The scale of non-mental-health telehealth

Mental health visits were indeed the most likely to occur via telehealth - 45.1% of all mental health visits in the study period were conducted virtually. But because non-mental-health conditions collectively involve far more visits, the absolute numbers tell a different story. Approximately 29 million non-mental-health telehealth visits occurred annually among Medicare beneficiaries, covering conditions including diabetes, hypertension, and COVID-19.

This figure - 29 million non-mental-health telehealth visits per year - is what makes proposed rollbacks to non-mental-health telehealth coverage clinically significant. Policies debated in Congress have suggested limiting Medicare telehealth permanence to mental health visits. The data suggest this would disrupt care for millions of older adults managing common chronic conditions through the most convenient and often most accessible channel available to them.

Who relies on telehealth

Medicare beneficiaries are, by definition, older adults - disproportionately affected by chronic disease, mobility limitations, and geographic distance from specialists. For these populations, telehealth is not a convenience but often a necessity. A patient with severe arthritis who cannot drive long distances for a routine diabetes management visit is not substituting telehealth for an equivalent in-person experience - telehealth may be the only realistic option for maintaining regular clinical contact.

The authors warn that rolling back telehealth flexibilities may reduce access and strain health systems already facing high demand for in-person appointments. When telehealth visits disappear, some patients cancel appointments entirely; others add to waiting lists for in-person slots.

A separate finding: updated VA/DoD asthma guidelines

The same issue of Annals of Internal Medicine publishes an updated joint clinical guideline from the Department of Veterans Affairs and Department of Defense on asthma management. The updated guideline, developed through systematic review of evidence published between July 2018 and May 2024, endorses inhaled corticosteroids (ICS) - alone or paired with a rapid-onset long-acting beta-agonist - as the cornerstone of treatment. Notably, the guideline finds that indoor air filtration devices show little benefit for asthma control, reversing assumptions some patients and clinicians have held about air quality interventions.

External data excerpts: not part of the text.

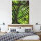 The tropical green artwork on this Stretched Canvas Print is an original photograph by ZoeSPEAK of a royal palm frond enjoying the sunlight. Some pine needles have landed on the frond, adding to the curves of the image, with oddly shaped shadows from the branches and vines above.
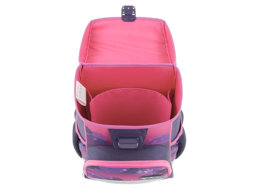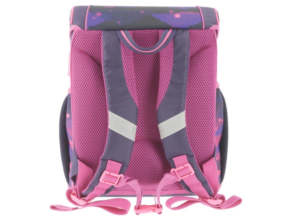 Školská taška s výbavou, ergonomicky tvarovaným a priedušným polstrovaním chrbta, nastaviteľnými ramennými popruhmi, výškovo nastaviteľným hrudným pásom, hlavným vreckom s priestorom na knihy, bočnými vreckami s elastickými pásikmi, predným vreckom na zips, stabilnou spodnou doskou s nožičkami, pohodlnou rukoväťou a reflexnými prvkami Oralite. Hmotnosť 950 g, objem 16 l, rozmery 37 x 31 x 22 cm. Vode-odolná, bez PVC, výbava: peračník, vrecko na prezuvky, okrúhle puzdro. Certifikát ergonómie 2023 a 2025. Materiál: polyester.Dodatočné parametre
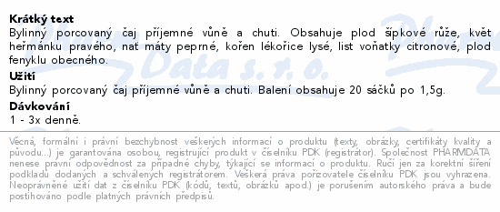 Bylinný porcovaný čaj příjemné vůně a chuti. Obsahuje plod šípkové růže, květ heřmánku pravého, nať máty peprné, kořen lékořice lysé, list voňatky citronové, plod fenyklu obecného.
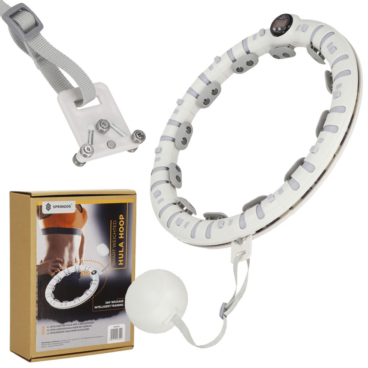 Hula hop Springos składane z wypustkami i licznikiem 38 cm biały ...

The guidelines also confirm that addressing comorbid conditions like GERD and obesity can improve asthma control, and provide clearer criteria for when primary care providers should refer to specialists.

What the telehealth data cannot address

The analysis describes utilization patterns but cannot directly compare clinical outcomes between telehealth and in-person visits for the same conditions. Whether chronic disease outcomes - blood sugar control, blood pressure management - are as good via telehealth as in person remains an open question for specific conditions and populations. The telehealth expansion also occurred during a period of major healthcare disruption, so some utilization patterns may reflect pandemic-era circumstances rather than stable long-term behavior.